Later in the novel, the Monkey King transforms, or disguises himself into Chin-Kee, Danny's cousin, in order to reveal Danny his true identity as Jin Wang. Fu argues that the Monkey King's transformation into Chin-Kee is a representation of "[t]he legendary trickster figure [that] has been repeatedly re-imagined by Chinese American writers as a source of cultural strength, a symbol of subversion and resistance, and a metaphor for cross-cultural and interracial negotiation." The Monkey King in Yang's version of the classic tale does not use his trickery so much for rebellion as for helping Jin Wang explore and accept himself and identify with his culture.

Jin Wang "struggles to survive exclusion and racist bullying in his search for an identity in a predominantly white suburban school." To deal with his crisis of identity, he transforms himself into "Danny," a white boy who is the protagonist of the third narrative of the novel. Ultimately, his crisis is only deepened when he has to deal the grotesque representation of Chinese stereotypes that his cousin, Chin-Kee displays. Chin-Kee turns out to be the Monkey King. Jin Wang (disguised/transformed into Danny) has been taught to hate about his own culture via racist American stereotypes. When his true identity is revealed, the Monkey King tells Jin Wang that he used the disguise to serve as Jin Wang's conscience, not as a punishment. Ultimately, Jin Wang begins to accept his own identity and dismisses his alter-ego, Danny.
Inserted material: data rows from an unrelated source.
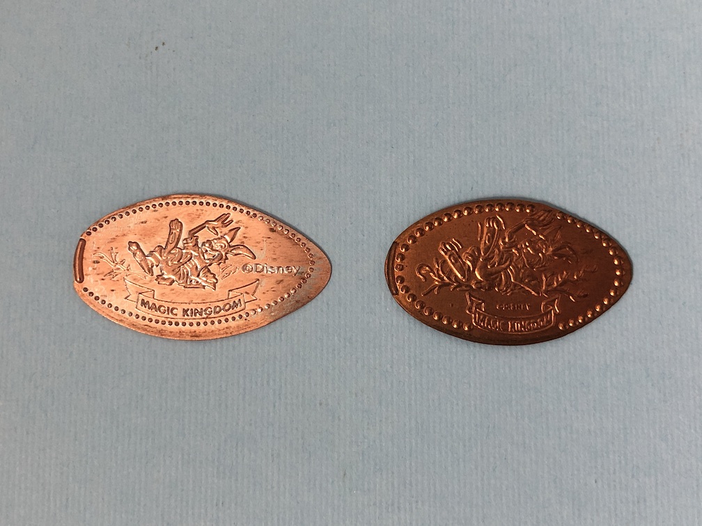 First, we will look at the Br’er Vulture design. It was originally at this very same location under the Frontierland Railroad Station. However, when I put the two pennies together (New is on the Left, and Old is on the Right) you can see there are some differences. There is now a notch at the top of the design that splits the dot border, and the Magic Kingdom banner is in a different location.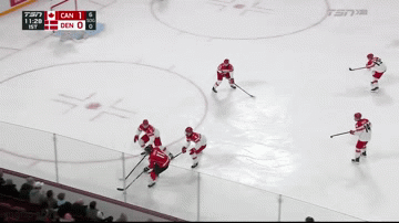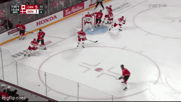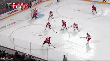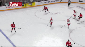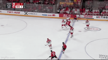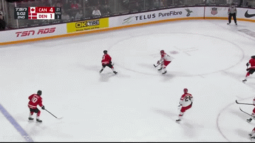 Shots on goal in the third period were 18-7 for Canada. Canada outshot the Danes 49-13 in the game.
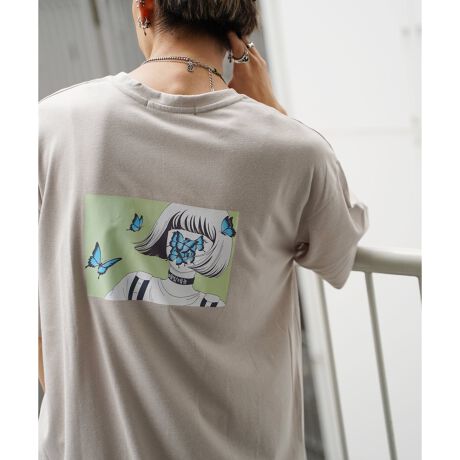 KisaバタフライイラストバックプリントTシャツ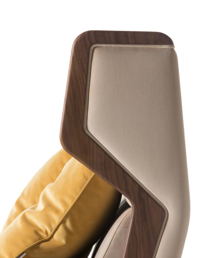 Bed structure in wood and upholstered headboard covered with fabric or leather.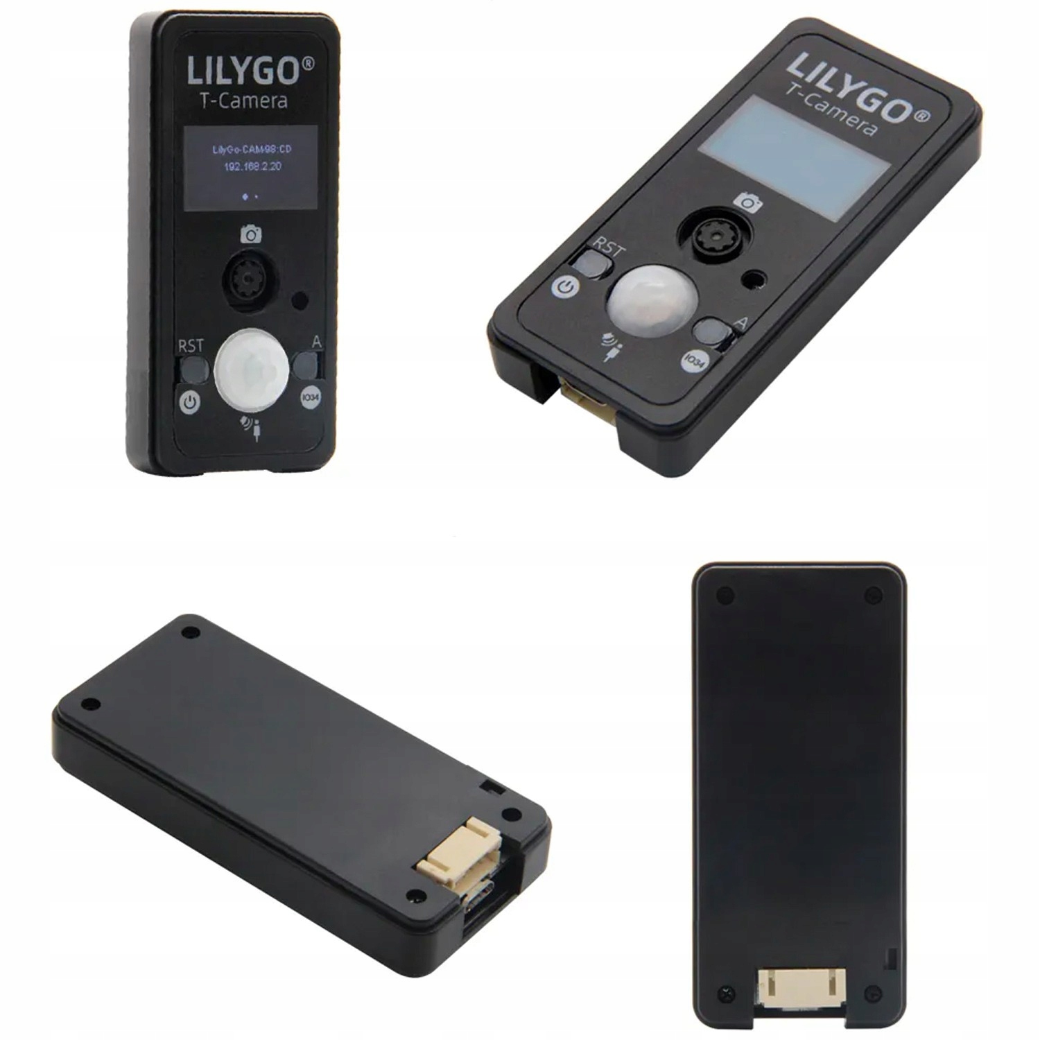 Модуль LilyGO T-Camera S3 в корпусе — построен на базе микроконтроллера ESP32-S3 последнего поколения с камерой, OLED дисплеем диагональю 0,96" и Разрешение 128x64, микрофон и PIR датчик движения ESP обеспечат нам беспроводную связь через WiFi и Bluetooth 5.0. Модуль оснащен. разъем USB-C, благодаря которому преобразователь UART мы можем как запитать, так и запрограммировать плату. Модуль также может питаться от Li-Po аккумулятора 3,7 В через имеющийся 2-контактный разъем JST-PH 1,25 мм (вилка входит в комплект). в комплекте). Дополнительно на плате имеется 5-контактный разъем и 2 кнопки.

Wei-Chen Sun is actually the Monkey King's eldest son, sent to earth in human form as an emissary for Tze-Yo-Tzuh. His test of virtue is to spend forty years in the mortal world while remaining free of human vice. When he initially arrives to Jin Wang's school he is "presented as a nerdy but fearless recent immigrant from Taiwan." After Jin kisses Suzy Nakamura and Jin and Wei-Chen have a falling out, Wei-Chen transforms into an "angry and despondent Asian American hipster" and gives up his mission for Tze-Yo-Tzuh. Despite Wei-Chen's multiple transformations, hints of his identity as a monkey are subtly and blatantly represented throughout the story. During the scene with Amelia in the biology lab, Wei-Chen has an affinity to the teacher's lipstick-wearing monkey, who will not leave him alone. Wei-Chen can easily recognize that the monkey is actually a male, just as the monkey can actually recognize that Wei-Chen is a monkey himself. When Jin tells Wei-Chen that he has spoken to Wei-Chen's father (the Monkey King), a panel depicting Wei-Chen's true identity as a monkey juxtaposes his hipster human form in the next panel. No matter what transformation Wei-Chen takes, he cannot dismiss his true identity as a monkey.

==Use in schools==
Gnomes states that American Born Chinese is a great resource to help academically struggling students (particularly struggling readers) and students with social-cognitive disabilities to find motivation to learn, to relate a piece of text to their lives, and to use the graphics to help them understand/relate to the words.

== Television adaptation ==

In 2021, Disney+ ordered a television adaptation of the graphic novel. It was produced by Disney's 20th Television with Kelvin Yu and Charles Yu as writers and executive producers, Melvin Mar and Jake Kasdan as executive producers, and Destin Daniel Cretton as director and executive producer. In February 2022, it was announced that Ben Wang, Michelle Yeoh, Chin Han, Yeo Yann Yann, Daniel Wu, Ke Huy Quan, Jim Liu and Sydney Taylor were cast in the starring roles.

The show premiered on Disney+ on May 24, 2023, with all eight episodes premiering at once to mostly positive reviews.